- Directions for this task
Return each line of the records with nothing changed, pictures excepted.
=== Data records ===
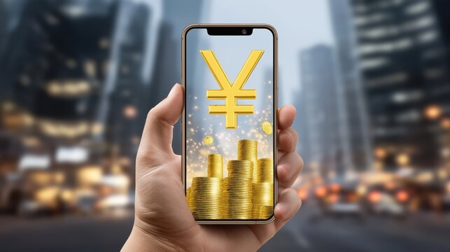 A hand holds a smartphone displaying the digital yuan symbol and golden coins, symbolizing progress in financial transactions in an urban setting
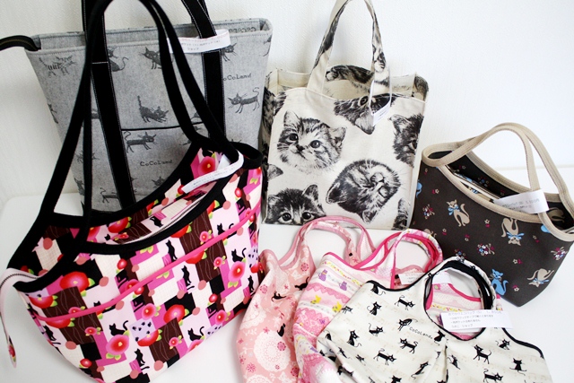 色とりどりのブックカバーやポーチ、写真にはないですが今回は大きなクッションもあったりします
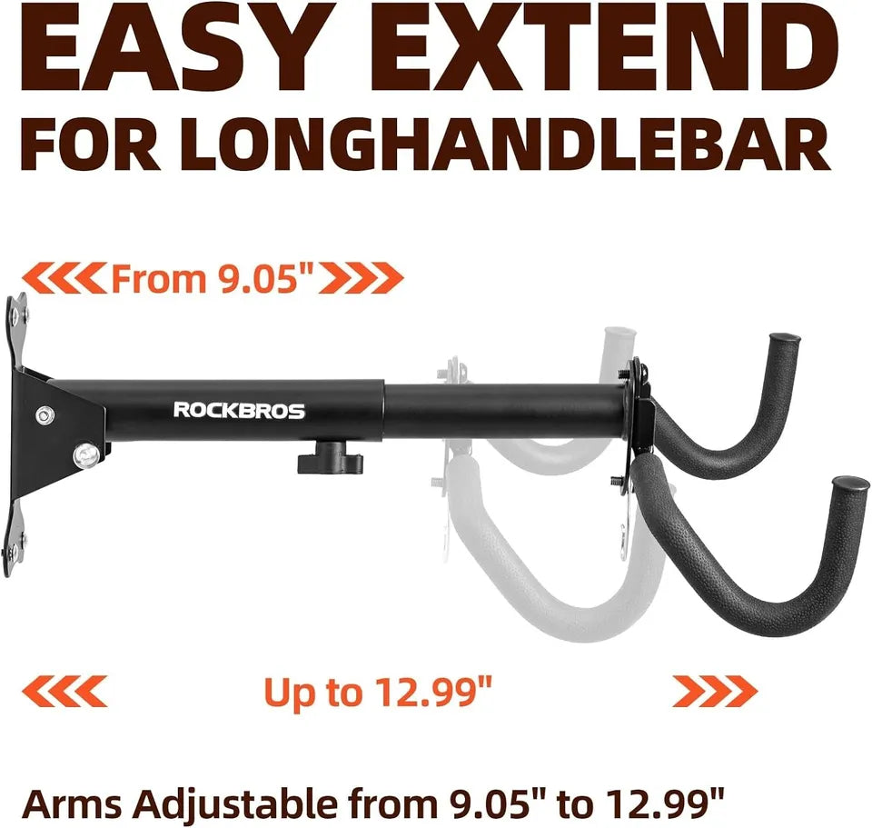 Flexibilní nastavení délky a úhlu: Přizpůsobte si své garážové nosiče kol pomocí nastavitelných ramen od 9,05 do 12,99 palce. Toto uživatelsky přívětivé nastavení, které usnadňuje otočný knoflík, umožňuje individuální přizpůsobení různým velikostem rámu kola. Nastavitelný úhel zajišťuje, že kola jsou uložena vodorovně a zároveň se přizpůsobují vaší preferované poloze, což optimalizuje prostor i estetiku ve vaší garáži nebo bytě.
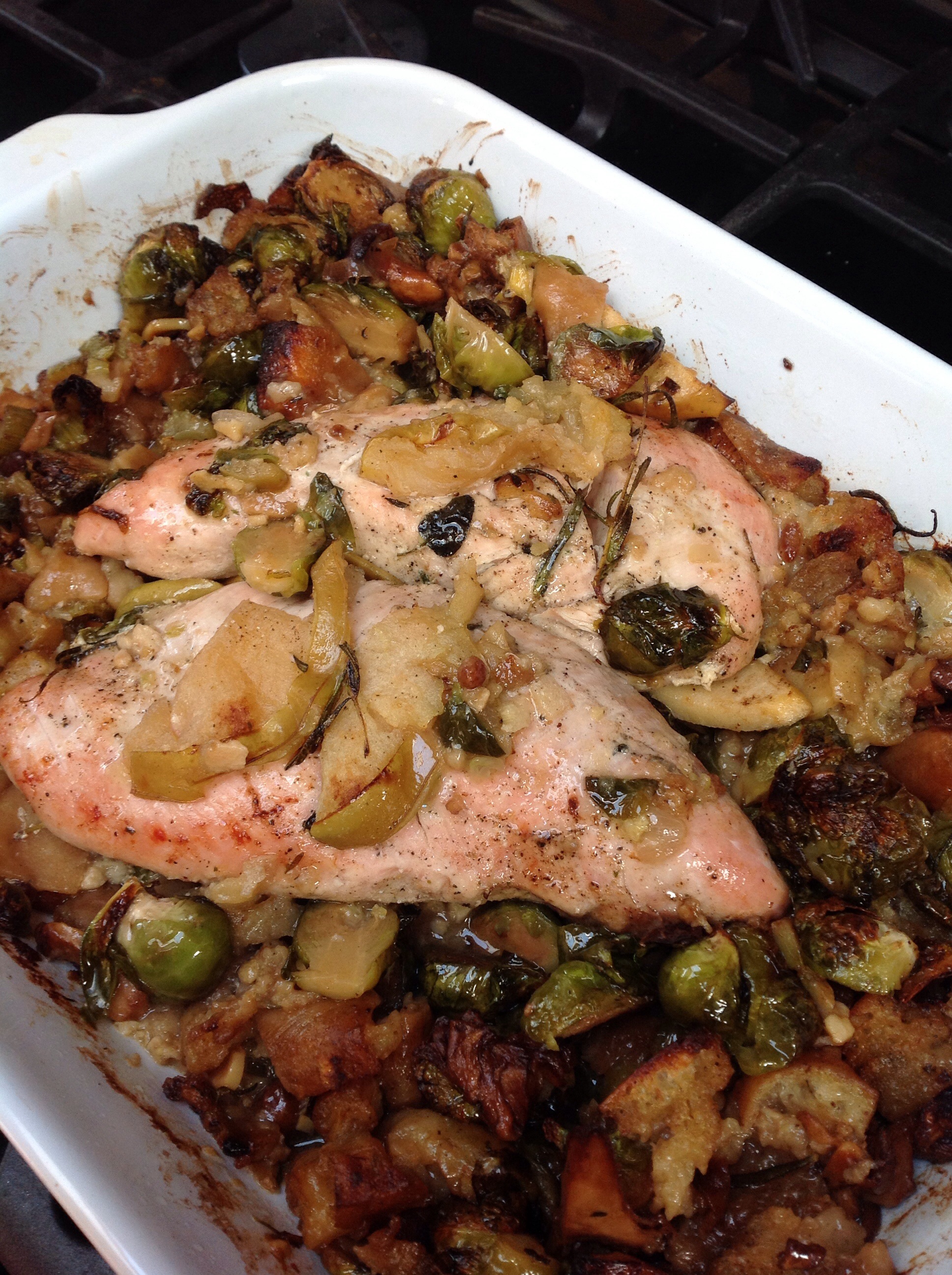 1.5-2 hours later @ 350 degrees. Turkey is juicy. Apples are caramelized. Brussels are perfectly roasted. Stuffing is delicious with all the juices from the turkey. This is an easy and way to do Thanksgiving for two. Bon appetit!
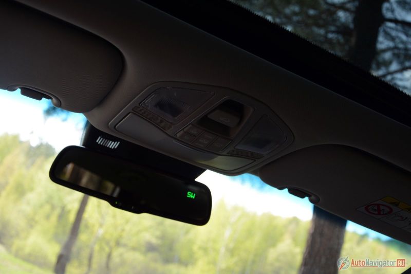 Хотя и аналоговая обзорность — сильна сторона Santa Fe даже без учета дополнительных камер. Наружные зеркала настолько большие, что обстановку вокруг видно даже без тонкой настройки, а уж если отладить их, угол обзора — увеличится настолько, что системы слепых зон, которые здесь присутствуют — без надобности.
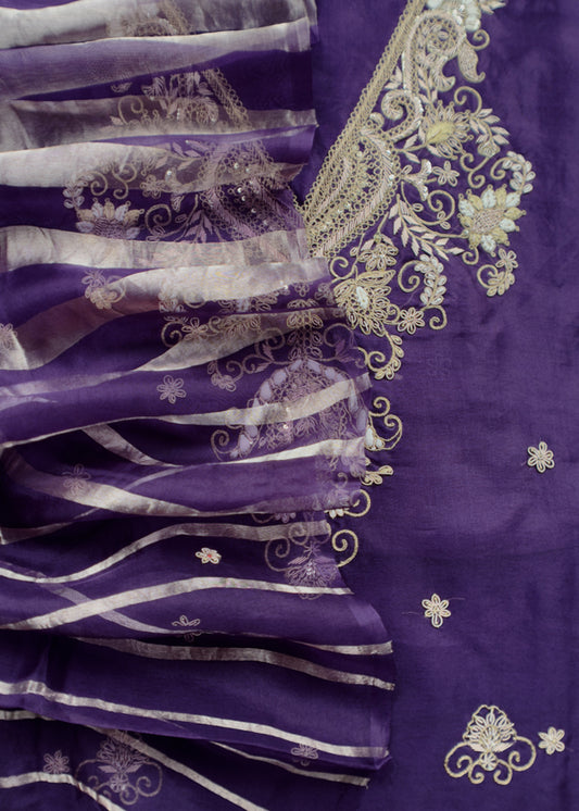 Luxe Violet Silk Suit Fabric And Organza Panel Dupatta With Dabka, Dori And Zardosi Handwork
===
- Exercise output
 A hand holds a smartphone displaying the digital yuan symbol and golden coins, symbolizing progress in financial transactions in an urban setting
 色とりどりのブックカバーやポーチ、写真にはないですが今回は大きなクッションもあったりします
 Flexibilní nastavení délky a úhlu: Přizpůsobte si své garážové nosiče kol pomocí nastavitelných ramen od 9,05 do 12,99 palce. Toto uživatelsky přívětivé nastavení, které usnadňuje otočný knoflík, umožňuje individuální přizpůsobení různým velikostem rámu kola. Nastavitelný úhel zajišťuje, že kola jsou uložena vodorovně a zároveň se přizpůsobují vaší preferované poloze, což optimalizuje prostor i estetiku ve vaší garáži nebo bytě.
 1.5-2 hours later @ 350 degrees. Turkey is juicy. Apples are caramelized. Brussels are perfectly roasted. Stuffing is delicious with all the juices from the turkey. This is an easy and way to do Thanksgiving for two. Bon appetit!
 Хотя и аналоговая обзорность — сильна сторона Santa Fe даже без учета дополнительных камер. Наружные зеркала настолько большие, что обстановку вокруг видно даже без тонкой настройки, а уж если отладить их, угол обзора — увеличится настолько, что системы слепых зон, которые здесь присутствуют — без надобности.
 Luxe Violet Silk Suit Fabric And Organza Panel Dupatta With Dabka, Dori And Zardosi Handwork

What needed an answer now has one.